Korfbaloefeningen
Opdracht:
- Probeer als aanvallende team te scoren in de korf voor 2 punten of door in de hoepel met de al te staan voor 1 punt.
- Je mag lopen met de bal zonder dat je getikt wordt met de bal in jouw handen.
- Overspelen en lopen met de bal is dus belangrijk!
- Het is een soort rugby, maar dan zonder lichamelijk contact.
Regels:
- Je mag lopen met de bal in de handen binnen het veld
- Verdedigd doelen is toegestaan (de aanvallende partij tikken is namelijk slimmer)
- Alleen als je de bal hebt, mag je getikt worden.
- Stap 1:
- Ben je getikt met de bal, heb je nog 2 sec. om de bal over te gooien.

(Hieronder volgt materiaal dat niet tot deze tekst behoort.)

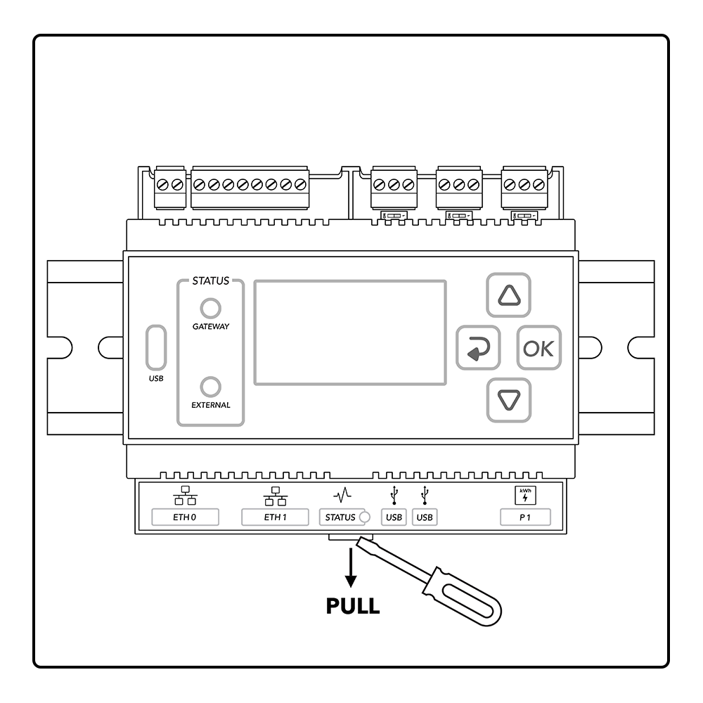 Na bevestiging zal het apparaat opnieuw opstarten en resetten. Dit duurt minder dan een minuut, waarbij er niets op het display wordt weergegeven en beide status-LED’s uit zullen zijn. Zodra dit is voltooid, wordt u gepresenteerd met de wizard Eerste Gebruik om het apparaat opnieuw in te stellen. Houd er rekening mee dat de licentie niet wordt beïnvloed door de reset en niet tijdens dit proces zal worden verwijderd.

- Doe je dat niet, dan leg je de bal op de grond en gaat de verdedigende partij aanvallen.
- Stap 2:
- Ben je getikt met de bal, leg je de bal direct op de grond en gaat de verdedigende partij aanvallen.
- De 1e pass mag niet verdedigd of getikt worden.
- Scoren in de hoepel is 1 punt.
- Je scoort in de hoepel door erin te staan met de bal.
- Scoren in de korf is 2 punten.
- Verder normale korfbalregels.
Stap 1:
- Probeer als jager duo jezelf te verplaatsen binnen het veld, door over te spelen en zoveel mogelijk lopers af te gooien binnen 1 minuut.
Stap 2:
- Probeer zo snel mogelijk de bal van de jagers af te pakken, over te spelen en te scoren in de korf, maar pas op dat je niet wordt afgetikt door de jagers.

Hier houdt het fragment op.